For general finite element analyze software such as ANSYS or ABAQUS, in which, the commonest way of setting the parameters of viscoelastic materials is entering the parameters as a Prony series [8, 9], describing the shear relaxation modulus thereof. However, they are inconsistent with parametric forms of the viscoelastic model. Saboo and Kumar [10] investigated the strain creep response of varying asphalt binders via four-element Burgers model under different temperature and stress amplitudes. The data of uniaxial creep tests with nonlinear least squares method was applied to fit the creep compliance at different temperatures.
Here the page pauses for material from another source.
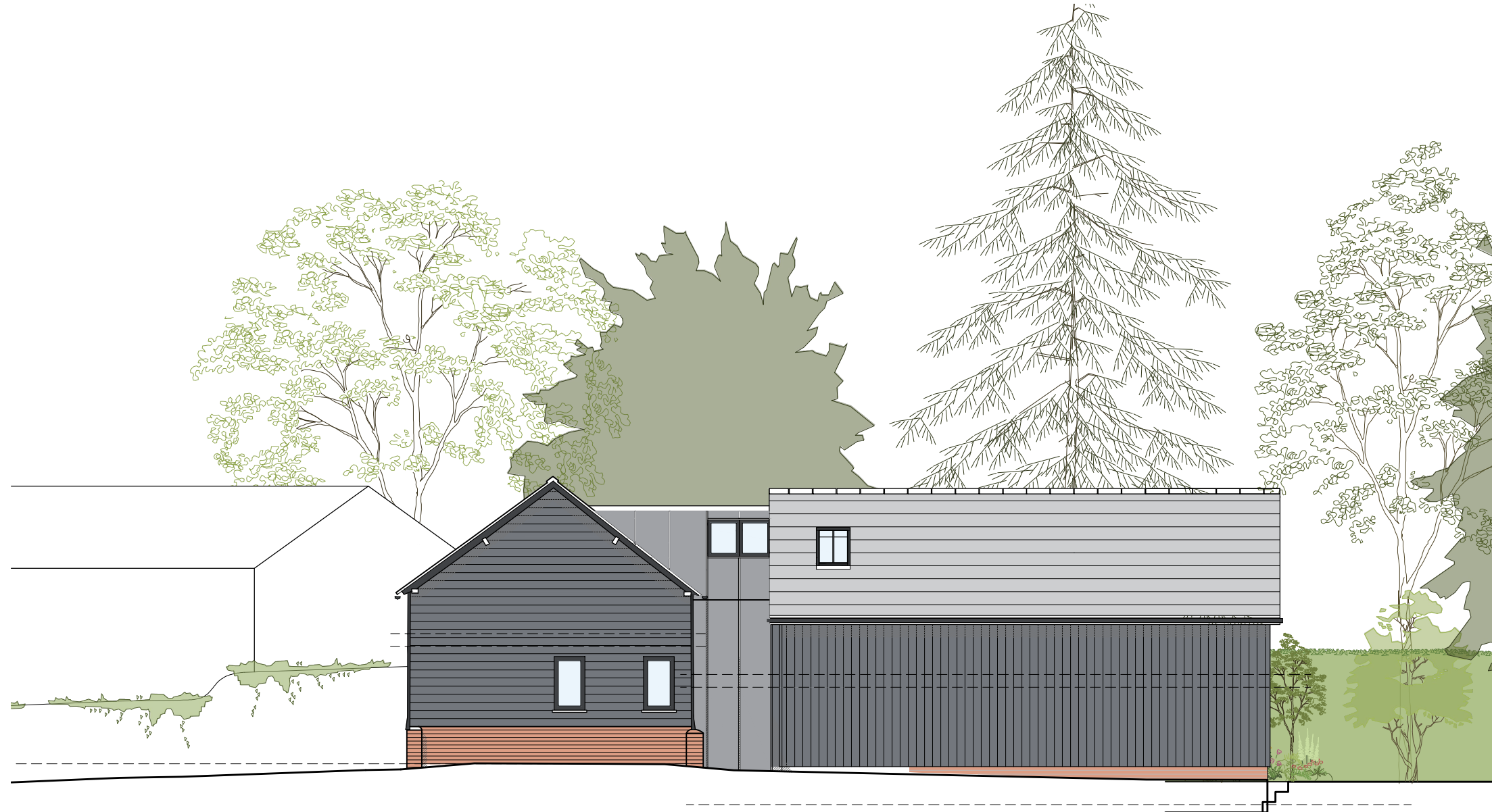
02 South East Elevation

This drawing is copyright and is not to be reproduced. The contractor will be held responsible for the accuracy of works involving the setting out and checking of all dimensions on the drawing and on site. Dimensions must not be scaled from this drawing.

Compared with the Burgers model, the modified Burgers model can better explain the long-term deformation characteristics of asphalt mixtures more properly. Scholars have extensively studied the transformations and methods behind the Prony series version of the shear modulus based on the Burgers model [11, 12], while surprisingly the transformation method of the modified Burgers model has not yet been reported. Therefore, exploring the conversion method of the Prony series of the modified Burgers model is of greater theoretical and practical significance as it can better analyze the viscoelasticity of asphalt mixtures by using developed finite element analysis software, which has also motivated this research.

Different experimental methods had been applied to evaluate the creep performance of the asphalt concrete. Airey and Rahimzadeh [13] designed a special tension-compression apparatus to test the viscoelastic properties of the asphalt mixtures. Diaz [11] applied modified cyclic creep test to evaluate the creep performance of the cold mix asphalt. Yao et al. [14] utilized flexural beam test to present the dynamic modulus and flexural stiffness of different surfacing materials on steel bridge decks including gussasphalt, epoxy asphalt concrete, which exhibited the difference between the dynamic modulus and the flexural stiffness. Yan et al. [15] made use of bending beam rheometer to determine the time-varying temperature rheological properties of waste tire rubber and reclaimed low density polyethylene asphalt mixtures. In the monograph [16], Sun presented extensive finite element analysis and experimental data showing that a kind of direct penetration method can reflect the actual stress state of the pavement properly. The static strength parameters including the shear strength, friction angle, and cohesive strength are also deducted. Thus, the uniaxial penetration method should also be suitable to measure the creep performance of the gussasphalt mixture. Meanwhile, the new formulation of gussasphalt mixture and novel structural layer has been utilized in the construction of the 4th Nanjing Yangtze River Bridge which is 6th largest suspension bridge in the world [4]. However, the viscoelastic properties of the novel asphalt pavement have never been measured, which motivated the penetration experiments.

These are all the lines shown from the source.